I think Mike means since the new rules have been in effect.


----------



## Mike Hughey (May 25, 2008)

Actually, I meant in terms of actual score (which is practically the same thing as saying under the new rules). The others all officially count below 2/2.


----------



## Pedro (May 25, 2008)

oh, right


----------



## Alex DiTuro (May 25, 2008)

It was definately a great competition especially for my first. I'm kinda upset because I didn't do so well on the 3x3x3. And because I came in last in the 4x4x4 and the 5x5x5. It was a great competition nevertheless.


----------



## pjk (May 25, 2008)

Dang Dan, congrats. Amazing times. Congrats on the 4x4 NAR.


----------



## masterofthebass (May 25, 2008)

Yeah, it was a great competition. I'm actually w/o internet and am writing this in the driveway of a friend  

The 13 came out of nowhere. Every solve just came together, and didn't have anything especially bad about it. For 5x5, I was getting like nothing over 1:36 during warm-ups, so I thought I would've had a chance at the WR. I just couldn't get my lookahead down. For multi... I think that's my biggest disappointment. I decided to use 3-cycles for the corners, because it was just 3 easy cycles. On the bottom I had the Pi orientation and I did a cool alg that Jason Baum showed me at DC, F (RUR'U')x2 F' and then the edge fix. The thing is, I did the wrong one of 2 edge fixes, and ended up only a 3 cycle off...
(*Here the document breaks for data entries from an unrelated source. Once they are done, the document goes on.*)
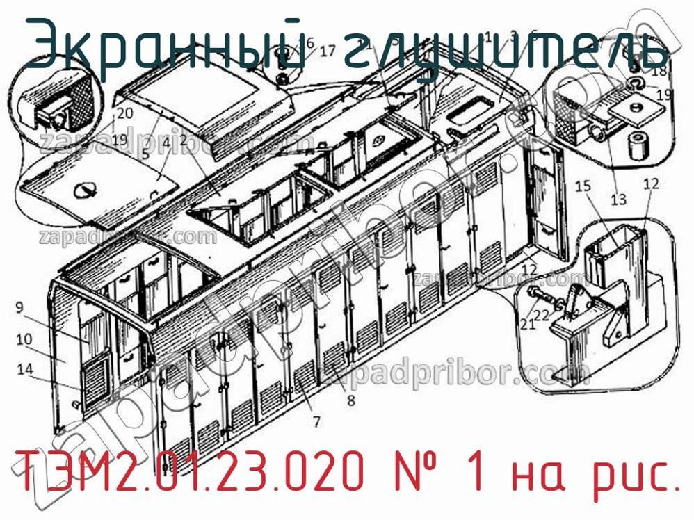 Наш ОТК гарантирует отсутствие брака у всех экранных глушителей представленных на нашем сайте. Для заказа ТЭМ2.01.23.020 обращайтесь в отдел продаж. Информация о цене, наличии, сроках поставки, сроке гарантии и по других вопросах обращайтесь по телефонам, указанным в контактах или оставьте заявку через форму обратной связи. Экранный глушитель шума на всасе дизеля ТЭМ2.01.23.020, номер 1 на чертеже, Кузов над дизель-генератором ТЭМ2Т.55.01.000 и другие запасные части для , а также другие экранные глушители и похожие изделия представлены на сайте zapadpribor.com.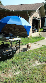 My first QSO was on 40 meters. It was K4PDM in Kentucky. He was not in any sprint, After that I picked up four SKCC stations on 20 meters CW. It comes in handy to be in the SKCC. They like to work me for credit. In RaDAR you want to leverage on any event you can. I probably should not have had Suzy out there but she dug a nice hole find the cool ground. The shade of the Oak did help.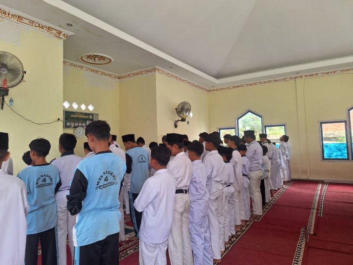 Kerinci (MTsN 4 Kerinci) - Di tengah padatnya aktivitas belajar mengajar, MTsN 4 Kerinci terus konsisten menanamkan nilai-nilai spiritual kepada para siswanya. Hal ini terlihat dari rutinitas pelaksanaan salat zuhur berjamaah yang digelar setiap hari di Mushalla madrasah. Kegiatan ini bukan sekadar pemenuhan kewajiban ibadah, melainkan telah menjadi bagian dari kurikulum pembentukan karakter (character building) bagi seluruh siswa.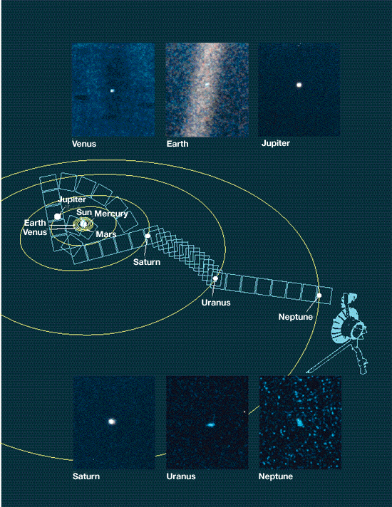 De resultaten van het Voyagerproject zijn zeer interessant, maar het project is veel bescheidener en daarom waarschijnlijk ook veel minder bekend, dan de grote projecten uit de hoogtijdagen van de ruimterace. De ruimterace, begonnen met de Sovjet-satelliet Sputnik in 1957, was feitelijk alweer voorbij met de landing van Neil Armstrong en Buzz Aldrin op de maan in 1969. In die korte periode werden de allereerste mijlpalen van de ruimtevaart bereikt: de eerste mens in de ruimte, de eerste ruimtewandeling, en natuurlijk de eerste mens op de maan. Ook de eerste foto van de aarde vanuit de ruimte werd in deze periode gemaakt. Maar deze mijlpaal werd op 14 februari 1990 door Voyager 1 ruimschoots overtroffen; op die dag maakte Voyager, na het passeren van de buitenste planeet Pluto, een familieportret van ons zonnestelsel, de eerste foto ooit van het zonnestelsel 'van buitenaf'! Op deze fotoserie zien we de zon en zes van de negen planeten (in afstand van de zon: Venus, Aarde, Jupiter, Saturnus, Uranus, Neptunus). Zelfs de grote gasreuzen Jupiter en Saturnus zijn niet meer dan blauwe stipjes!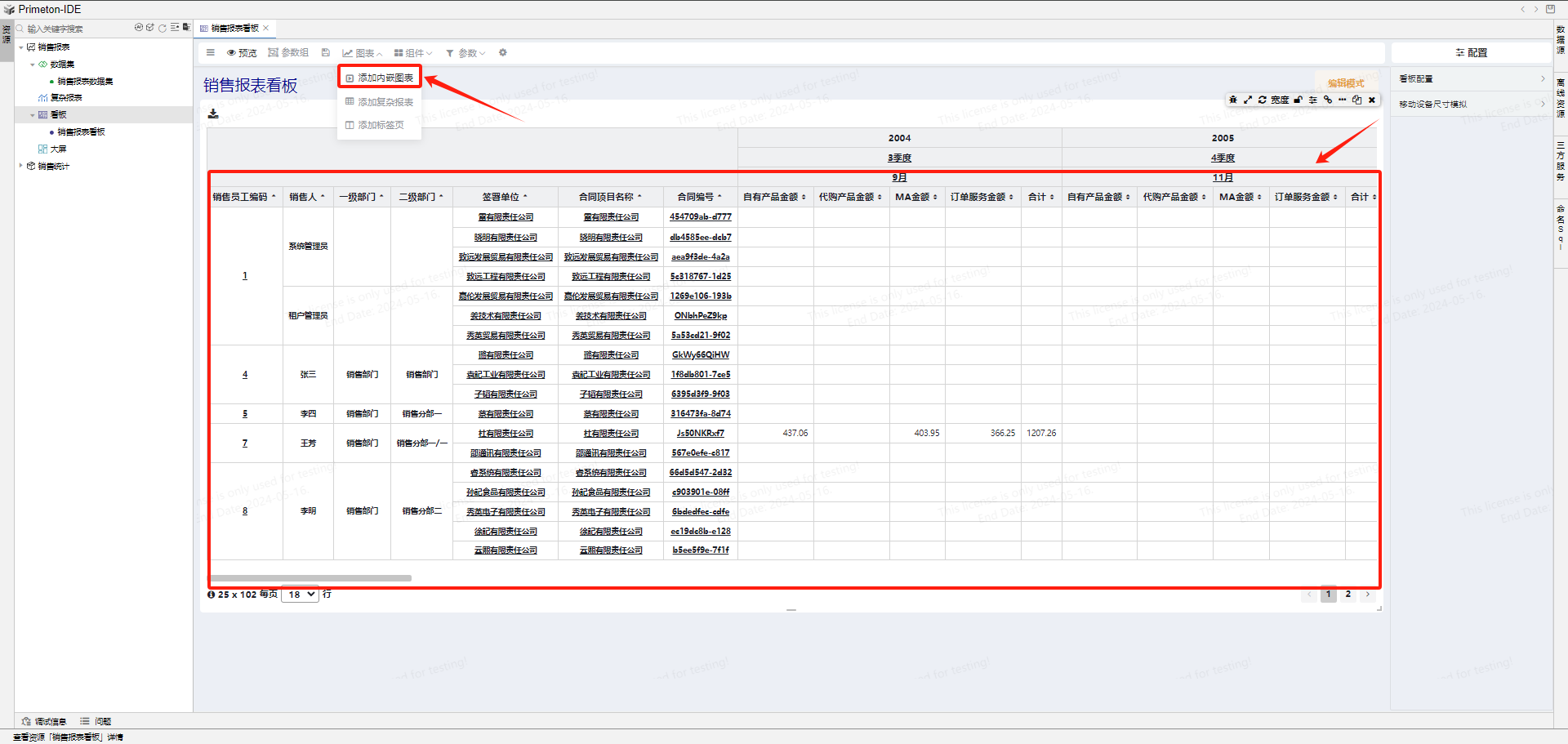 新建看板,添加内嵌图表,设计看板报表。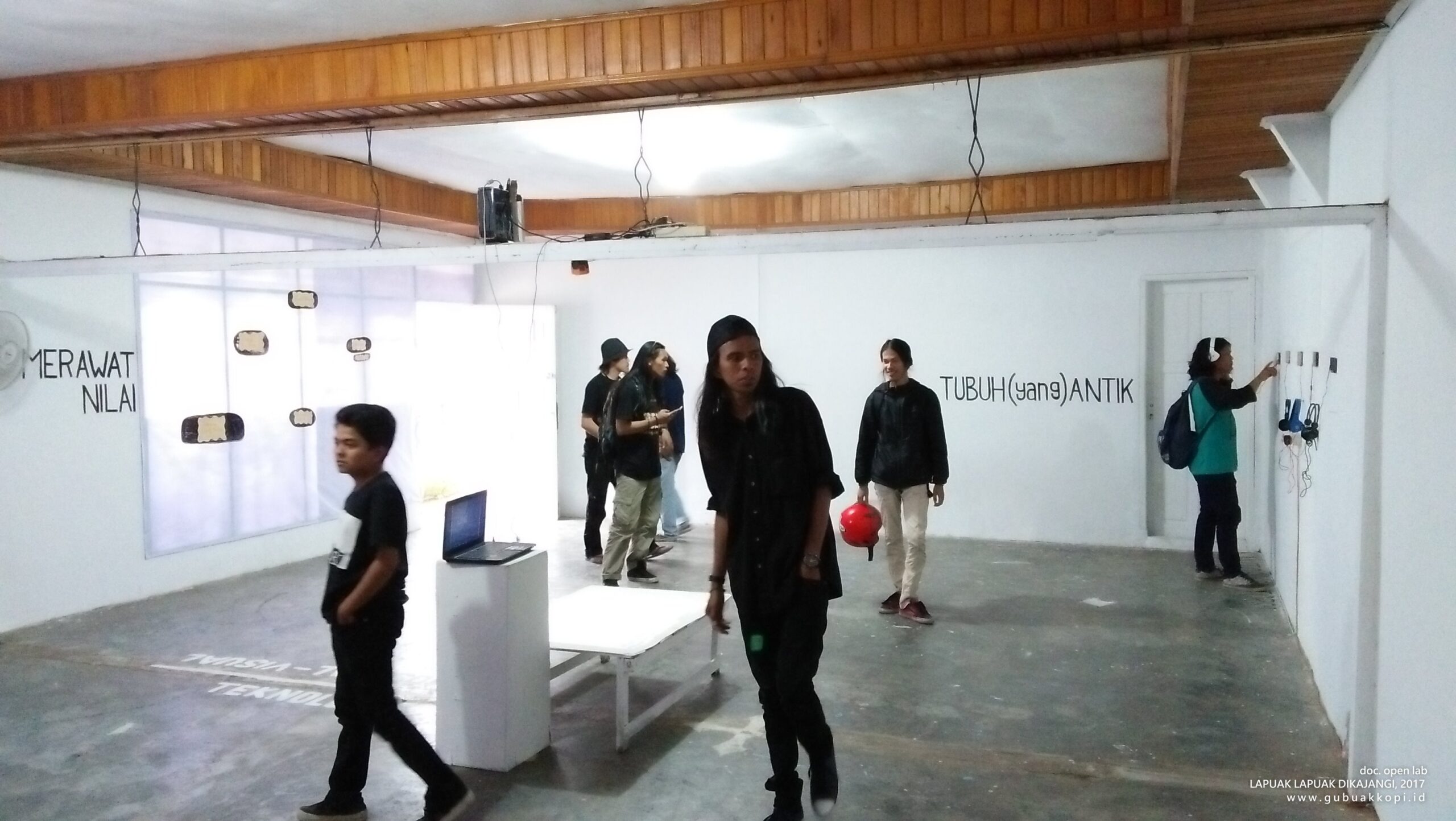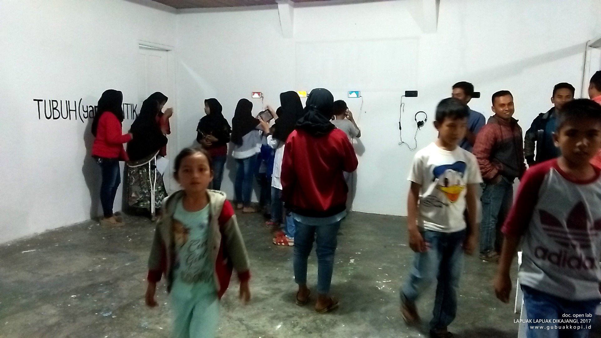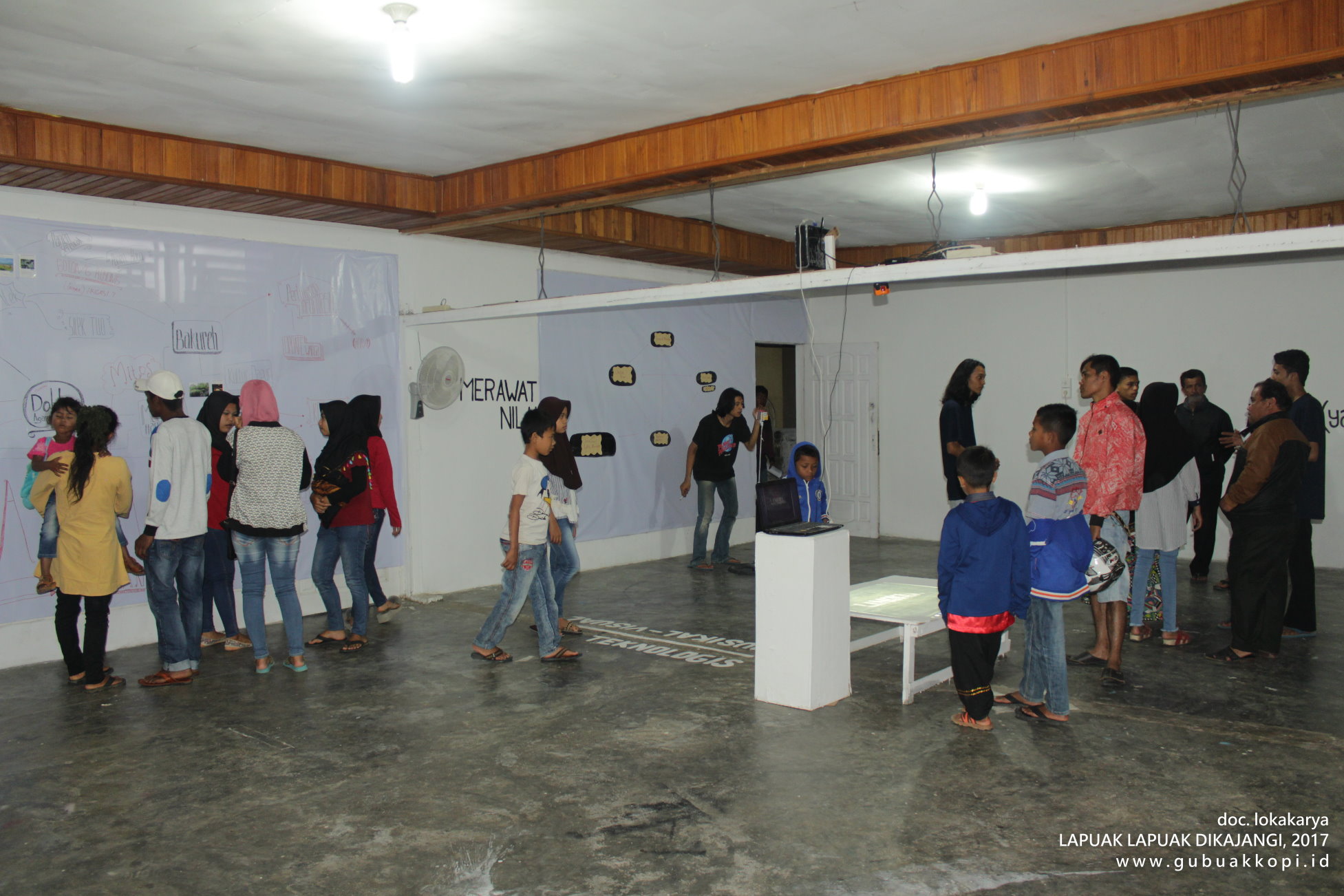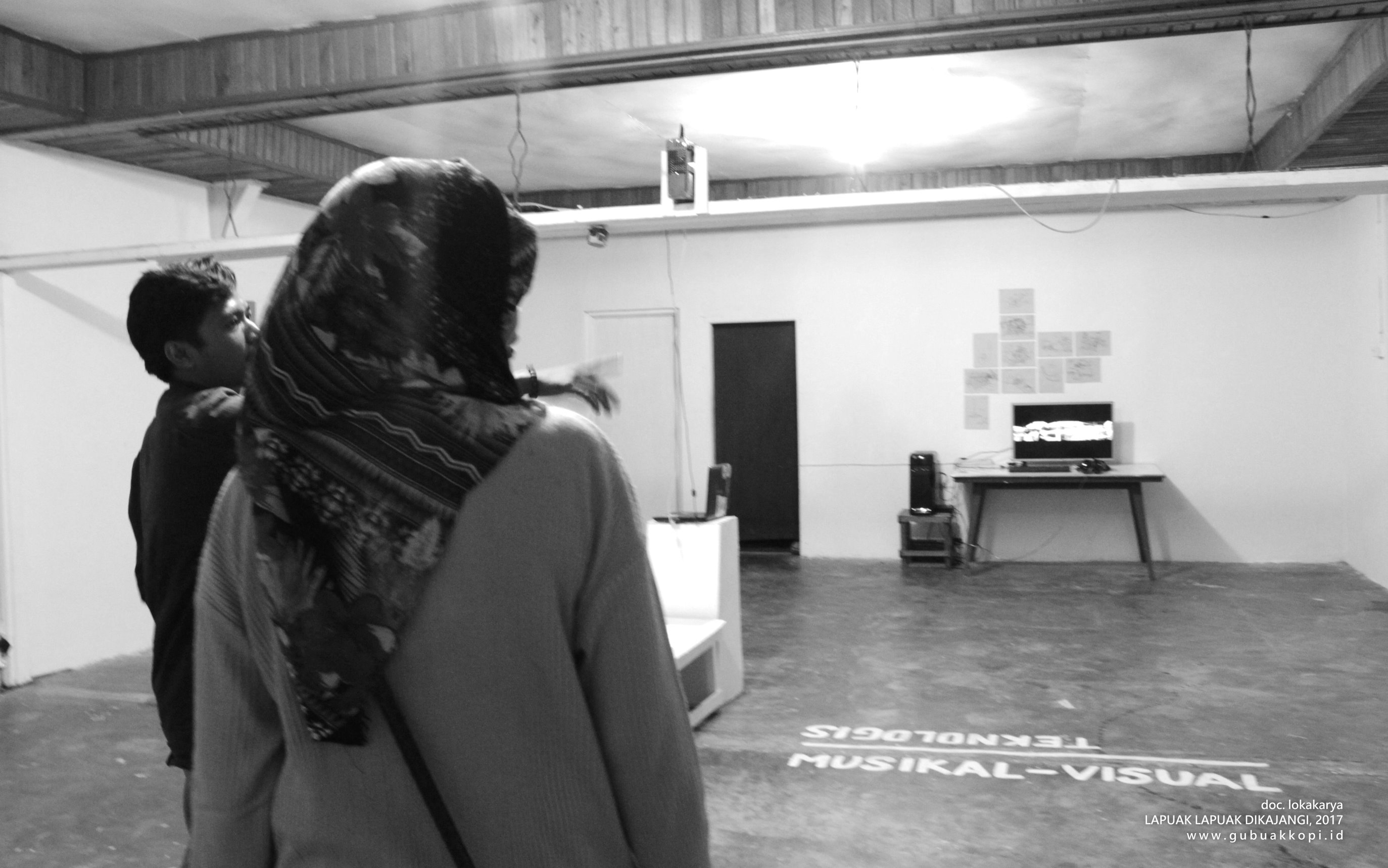 Suasana pengunjung pameran/open lab: LAPUAK LAPUAK DIKAJANGI, 6-8 Oktober 2017, di Galeri Gubuak Kopi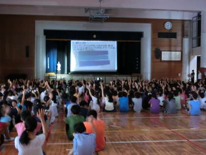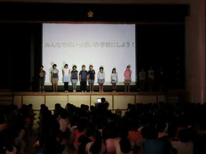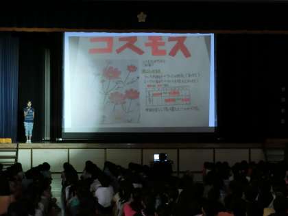 15日(木)の朝、体育館で「理科・栽培委員会」の発表がありました。現在、栽培している植物の紹介を中心に、途中、植物についてのクイズを取り入れながら、発表していました。西福寺通り沿いの花壇には、約30cmほどに伸びたコスモスがあります。花が咲くまでもう少しですが、みんなで見守っていきたいです。
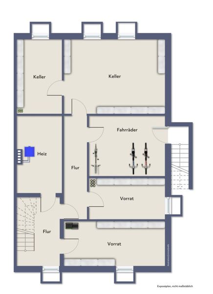 Das vollständig unterkellerte Gebäude bietet zusätzlichen Stauraum und vielseitige Nutzflächen für die Mieter.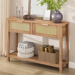 Narrow Console Table, Small Entryway Table With Engineered Wood Shelf And Metal Frame
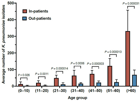 Throughout the study period, the results showed a significantly higher rate of K. pneumoniae isolated from inpatients (mean: 672.5 ± 193.6) compared to outpatients (mean: 147 ± 51.9) (Table 1 and Figure 1). In addition, higher rates of K. pneumoniae isolates were obtained from male subjects compared to females (p value ≤ 0.0001) (Table 1). The results also showed a direct correlation between age and the rates of K. pneumoniae isolates (Figure 1). Collectively, these results may suggest that prolonged hospitalization and weakened immunity due to aging are potential risk factors for K. pneumoniae infection.

Either way, a fun competition in the sun (I ended up having sun-burn on my left arm only, and my dad (since he feel asleep ) is as red as a crab).


----------



## Alex DiTuro (May 26, 2008)

Dan you're really lucky you didn't get sunburned bad, my neck hurts pretty freakin' bad and my arms are burnt to a crisp. Maybe cuz it's my first burn of the season. Anyway, I got some pretty good videos of your solves. I only caught one of your sub-1 4x4x4 solves though. I'll probably post them to youtube today or tomorrow.


----------



## KConny (May 26, 2008)

Wow, Dan, awesome results, I'm really impressed.


----------